Could someone tell me what’s wong here? I suspect that the resize functionality is not upscaling the images properly but I’m not 100%.

dataset = 'FashionMNIST'                                                                                                                                                                     
datapath = './data'                                                                                                                                                                          
ds = getattr(torchvision.datasets, dataset)                                                                                                                                                  
transforms = torchvision.transforms.Compose([                                                                                                                                                
            torchvision.transforms.Resize((32, 32)),                                                                                                                                                   
            torchvision.transforms.ToTensor(),                                                                                                                                               
 ])                                                                                                                                                                                           
train_set = ds(root=datapath, train=True, download=True, transform=transforms)                                                                                                               
train_set.data.unsqueeze_(1)                                                                                                                                                                 
train_set.data = train_set.data.repeat(1, 3, 1, 1)                                                                                                                                           
                                                                                                                                                                                             
dummy_data = torch.utils.data.DataLoader(train_set, batch_size=24, shuffle=True, num_workers=4, pin_memory=True)                                                                             
                                                                                                                                                                                             
x, y = next(iter(dummy_data))

I keep getting the following error

Original Traceback (most recent call last):
  File "/home/kirk/miniconda3/envs/torch/lib/python3.6/site-packages/torch/utils/data/_utils/worker.py", line 178, in _worker_loop
    data = fetcher.fetch(index)
  File "/home/kirk/miniconda3/envs/torch/lib/python3.6/site-packages/torch/utils/data/_utils/fetch.py", line 44, in fetch
    data = [self.dataset[idx] for idx in possibly_batched_index]
  File "/home/kirk/miniconda3/envs/torch/lib/python3.6/site-packages/torch/utils/data/_utils/fetch.py", line 44, in <listcomp>
    data = [self.dataset[idx] for idx in possibly_batched_index]
  File "/home/kirk/miniconda3/envs/torch/lib/python3.6/site-packages/torchvision/datasets/mnist.py", line 92, in __getitem__
    img = Image.fromarray(img.numpy(), mode='L')
  File "/home/kirk/miniconda3/envs/torch/lib/python3.6/site-packages/PIL/Image.py", line 2661, in fromarray
    raise ValueError("Too many dimensions: %d > %d." % (ndim, ndmax))
ValueError: Too many dimensions: 3 > 2.

I think if you comment these two lines and then print train_set data size

# train_set.data.unsqueeze_(1)                                                                                                                                                                 
# train_set.data = train_set.data.repeat(1, 3, 1, 1)
print(train_set.data.size())

gives

torch.Size([60000, 28, 28])

then if you

print(x.shape)

this gives

torch.Size([24, 1, 32, 32])

fashion mnist dataset has 1 channel images of size 28x28, which we resized to 32x32.
Resize has no issue, it works as it should.
I think if you want 3x32x32, then you will have to pass these images through

c = nn.Conv2d(in_channels=1, out_channels=3, kernel_size=1)
c(x).shape

gives

torch.Size([24, 3, 32, 32])

Thanks a lot. I was hoping to avoid changing the model by adding an additional conv operation just to make the input sizes appropriate.

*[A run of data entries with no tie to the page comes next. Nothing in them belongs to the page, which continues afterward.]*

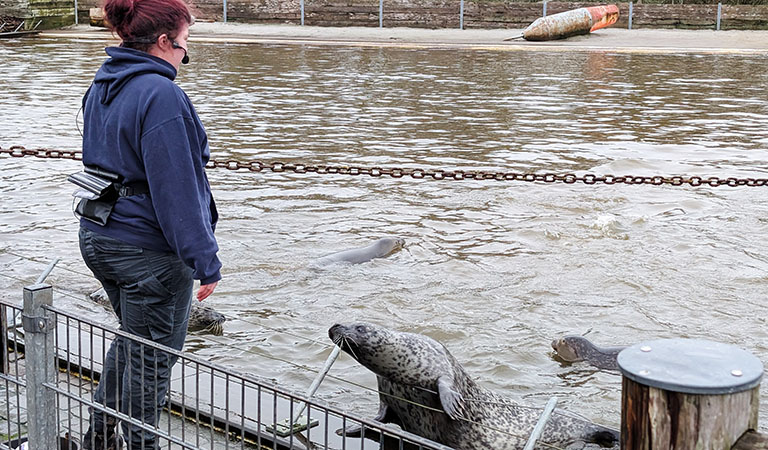 „Ich glaube, es befinden sich exakt 21 Leute im Westküstenpark“, zählt Hannah die Gruppe an Schaulustigen durch, die sich wie wir rund um das Seehundbecken verteilt haben. Die Robbenfütterung ist eines der Highlights des Tierparks mit der größten Seehundanlage Deutschlands. Hannah könnte also richtig damit liegen, dass sich um Punkt 11 Uhr alle Besucherinnen und Besucher hier versammeln – und das sind an diesem Tag nicht viele.
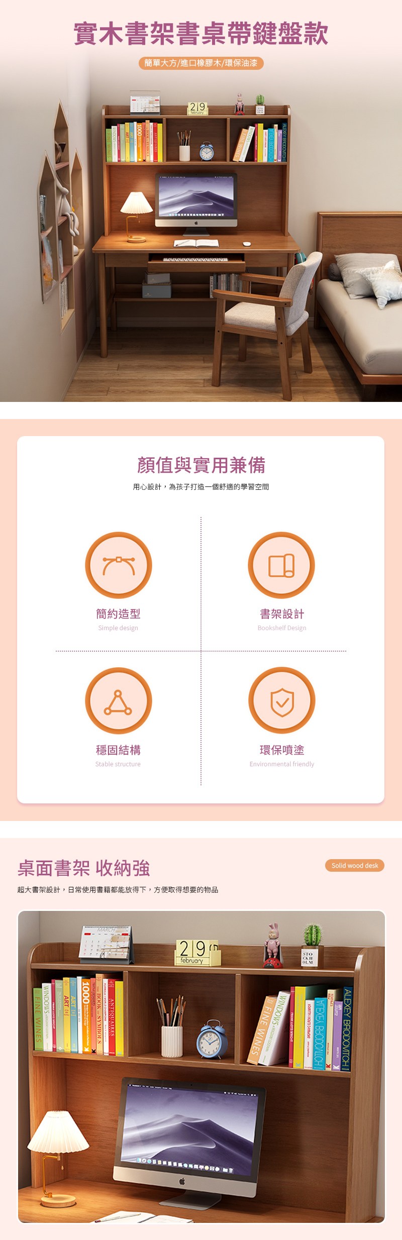 優樂悅~電腦桌臺式臥室書桌學生家用書桌書架一體桌簡易學習桌椅寫字桌子
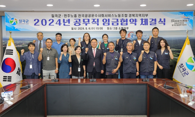 [뉴스서울] 칠곡군은 지난 4일 민주노총 전국공공운수사회서비스노동조합과 2024년 임금 협약을 체결했다고 5일 밝혔다.
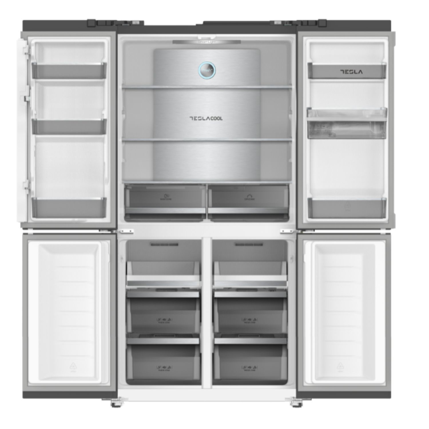 From the iconic Tesla brand, the new range of “TeslaCool” brings a premium range of refrigeration. With a total capacity of 563L split 359L fridge space and 204L freezer space, this appliance gives you ample storage for all your food essentials. The Four doors give you easy access to all your items. Loading and accessing your stored items becomes effortless. With Total No Frost, say goodbye to the tedious task of defrosting and with the quiet inverter compressor, look forward to efficient cooling and a quieter life. The sleek handleless design and its premium features, will enable this appliance to be a standout centrepiece in your kitchen
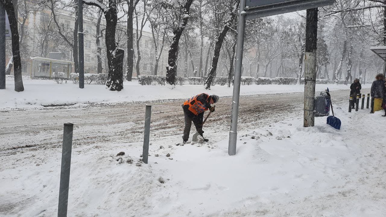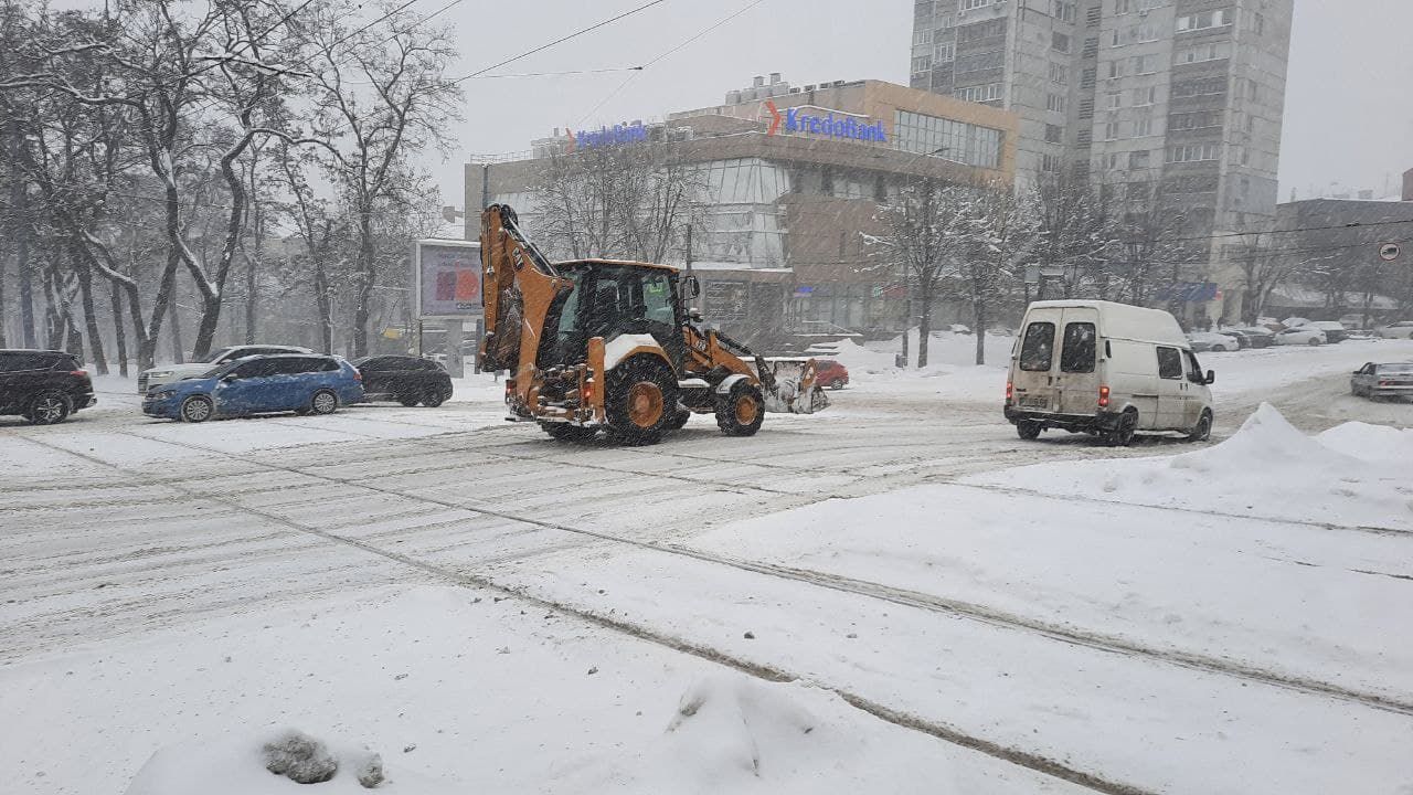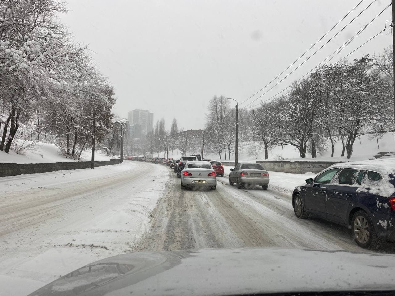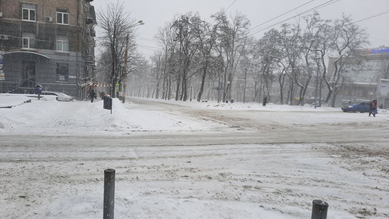Утро в Днепре началось со сильного снегопада. Улицы города практически не проездные.
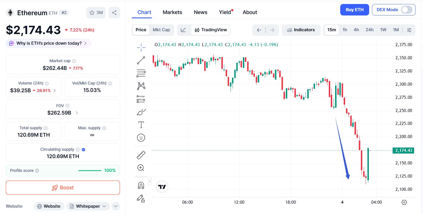 Ethereum, the second-largest cryptocurrency by market cap, saw an even steeper decline. It once fell below $2,110 during U.S. midday trading, hitting its lowest level since May 2025, down just over 10% from its daily high above $2,350 in the early Asian session.
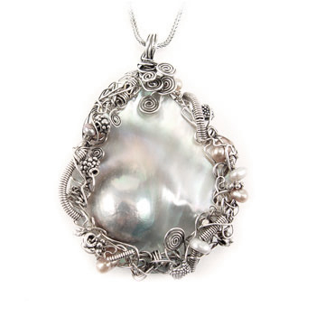 Lisa will teach you how to form a wire cage which entraps a Mabe Pearl or Cabochon with no binding wires in back. We will then add some freeform wirework and Bali Silver Beads to really jazz up this bezel.
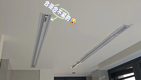 当初装的时候觉得是能嵌入到吊顶中,不会觉得有任何突兀的感觉,但由于它是比较纤细的,当你悬挂衣服还可以,但要是晾晒比较重的窗帘或者被子,经常会有倾斜的情况。
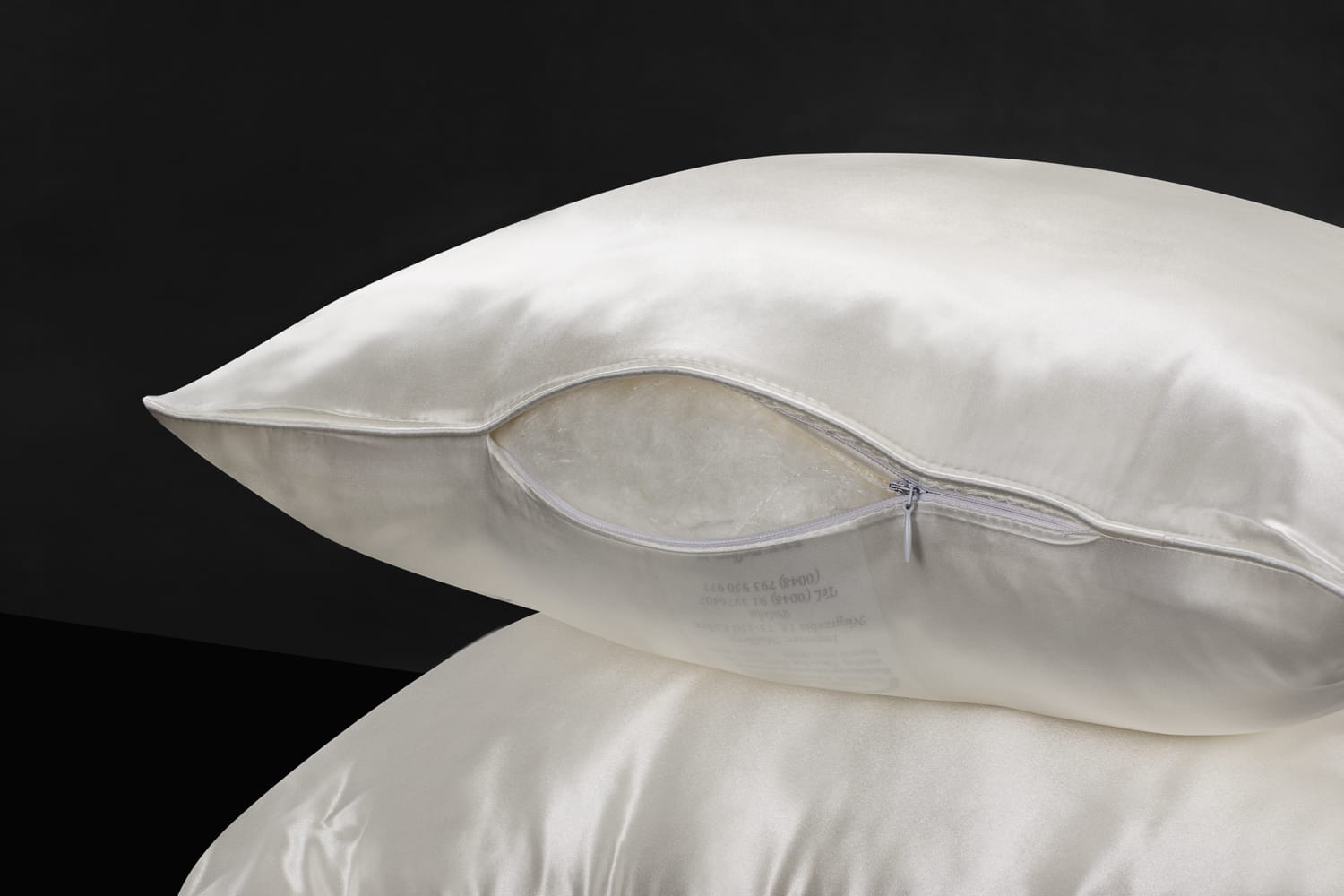 Wypełnienie poduszki: 100% jedwab naturalny morwowy (50% wkładu) + jądro poliestrowe wewnątrz zapobiegające deformacji poduszki w trakcie wieloletniego używania (50% wkładu)
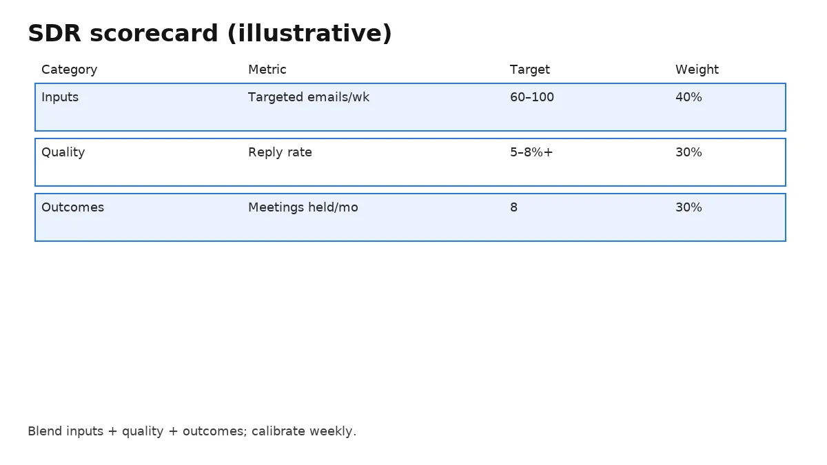 Score SDRs on inputs, quality, and outcomes with explicit rubrics. Start 50/30/20 (inputs/quality/outcomes) in ramp, shift to 30/30/40 by month three. Review weekly with coaching notes.
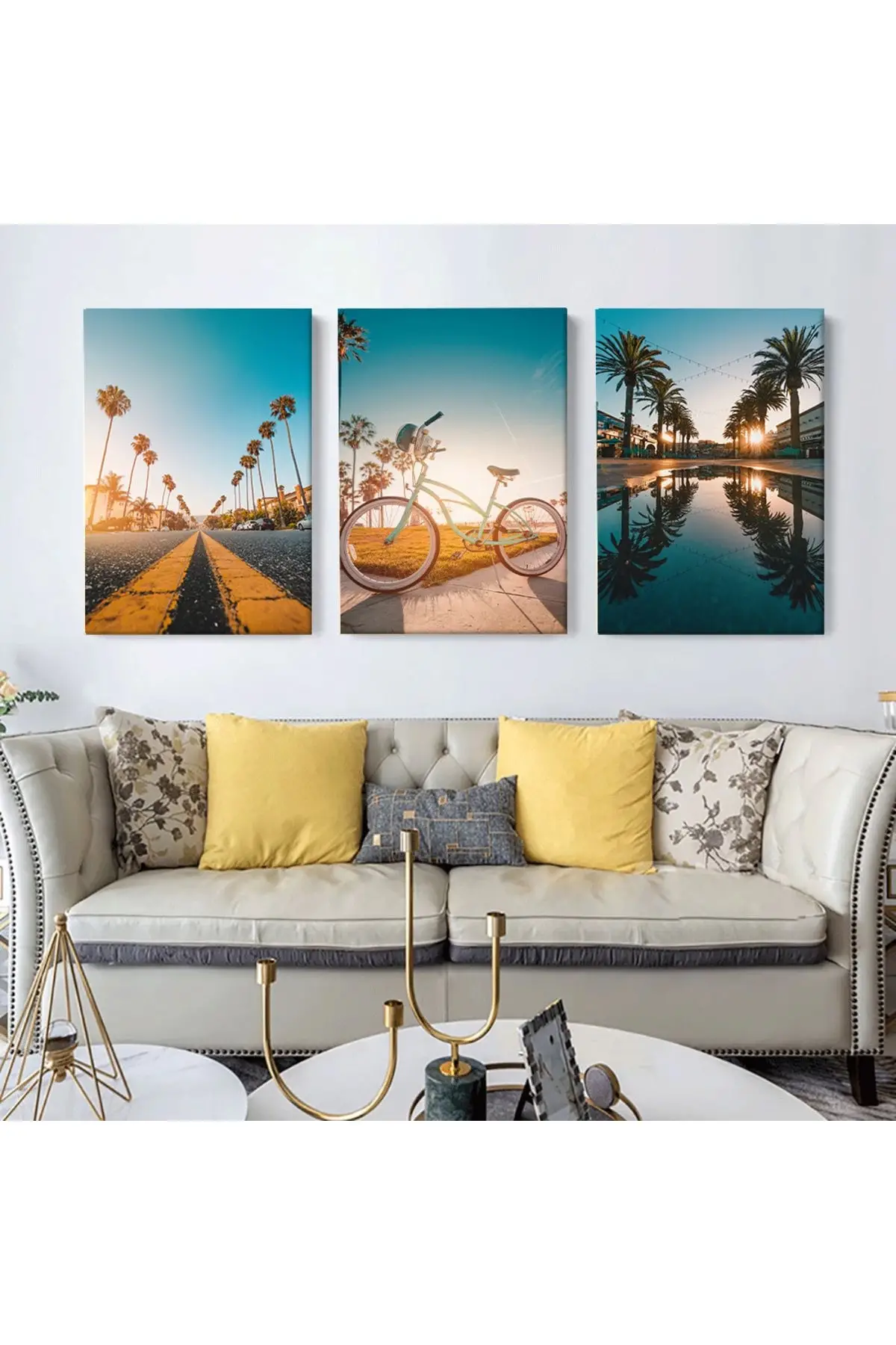 Kaliforniya'da Akşamüstü Dekoratif Üçlü Kanvas Tablo Seti Hakkında
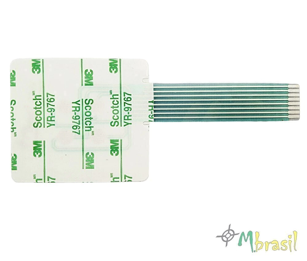 Adesivo de reposição fabricado sem circuito flexível (parte eletrônica) com exatos 7,9 cm de largura x 7,1 cm de altura.
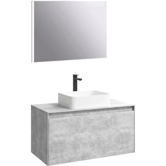 Комплект мебели бетон светлый 100 см Aqwella 5 Stars Mobi MOB0110BS + MOB0710BS + 4640021064269 + SM0210
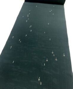 同じく水辺がテーマの薄もの紬九寸。これではまるでメダカちゃんたちが逃げ惑う図のようだと、家族から指摘されました。実際に、白鷺のような大きめの鳥がメダカを狙うことなどあるでしょうか。帯の制作は小紋と同じフジモト。
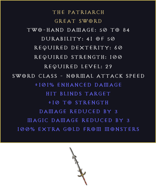The Patriarch DIABLO 2 D2R LADDER
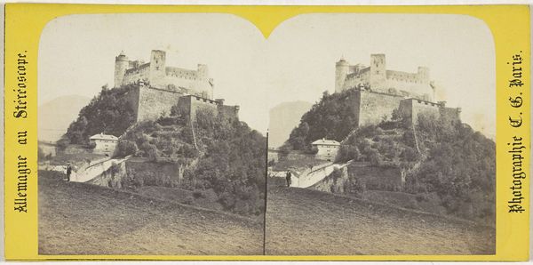 Editor: This is "Ruines van de Burcht Ehrenfels bij Rüdesheim, Duitsland," or "Ruins of the Ehrenfels Castle near Rüdesheim, Germany," taken by Hippolyte Jouvin between 1860 and 1870. It’s an albumen print – quite a popular medium for landscapes then. I find the castle ruins somewhat melancholic. What strikes you most about this image? Curator: What’s striking is less the romantic ruin itself, but the *making* of this image, the materiality of the print. Albumen, derived from egg whites, speaks volumes about labor. Consider the scale of albumen production needed for widespread photography – chickens, eggs, factories processing them… it's an industrialized landscape hidden within this picturesque scene. What does this reveal about the economics behind landscape photography, its consumption as a commodity? Editor: That's fascinating, I hadn't considered the process itself! The egg whites... it sounds like an incredible amount of labor. Curator: Exactly! And beyond labor, there's the colonial context. Where did this albumen *come* from? Were there exploitative supply chains involved? Early photography often relies on resources extracted globally, obscuring its participation in a wider, unequal world system. Editor: So the image becomes less about the German landscape and more about a globalized network of resources and labour? Curator: Precisely. While seemingly documenting a scene, the photograph is itself embedded in circuits of production and consumption. Even the chemical processes required – silver nitrate, etcetera – have histories tied to industrial extraction and exploitation. Editor: This really changes how I view the image, thinking about what's 'behind' the print. Thank you. Curator: And it changes how we view art history itself, not just as a succession of images, but as a history of materials and the often-hidden labor that produces them.

I tried having it in my transforms

transforms.Resize(32),
transforms.RandomHorizontalFlip(),                        
transforms.RandomCrop(32, padding=4),                     
transforms.ToTensor(),                                    
transforms.Normalize((0.485, 0.456, 0.406), (0.229, 0.224, 0.225)),
transforms.Lambda(lambda x: nn.Conv2d(                    
in_channels=1, out_channels=3, kernel_size=1)(x)      
),

but produces broadcast errors

Traceback (most recent call last):
  File "/home/kirk/miniconda3/envs/torch/lib/python3.6/site-packages/torch/utils/data/_utils/worker.py", line 178, in _worker_loop
    data = fetcher.fetch(index)
  File "/home/kirk/miniconda3/envs/torch/lib/python3.6/site-packages/torch/utils/data/_utils/fetch.py", line 44, in fetch
    data = [self.dataset[idx] for idx in possibly_batched_index]
  File "/home/kirk/miniconda3/envs/torch/lib/python3.6/site-packages/torch/utils/data/_utils/fetch.py", line 44, in <listcomp>
    data = [self.dataset[idx] for idx in possibly_batched_index]
  File "/home/kirk/miniconda3/envs/torch/lib/python3.6/site-packages/torchvision/datasets/mnist.py", line 95, in __getitem__
    img = self.transform(img)
  File "/home/kirk/miniconda3/envs/torch/lib/python3.6/site-packages/torchvision/transforms/transforms.py", line 61, in __call__
    img = t(img)
  File "/home/kirk/miniconda3/envs/torch/lib/python3.6/site-packages/torchvision/transforms/transforms.py", line 166, in __call__
    return F.normalize(tensor, self.mean, self.std, self.inplace)
  File "/home/kirk/miniconda3/envs/torch/lib/python3.6/site-packages/torchvision/transforms/functional.py", line 217, in normalize
    tensor.sub_(mean[:, None, None]).div_(std[:, None, None])
RuntimeError: output with shape [1, 32, 32] doesn't match the broadcast shape [3, 32, 32]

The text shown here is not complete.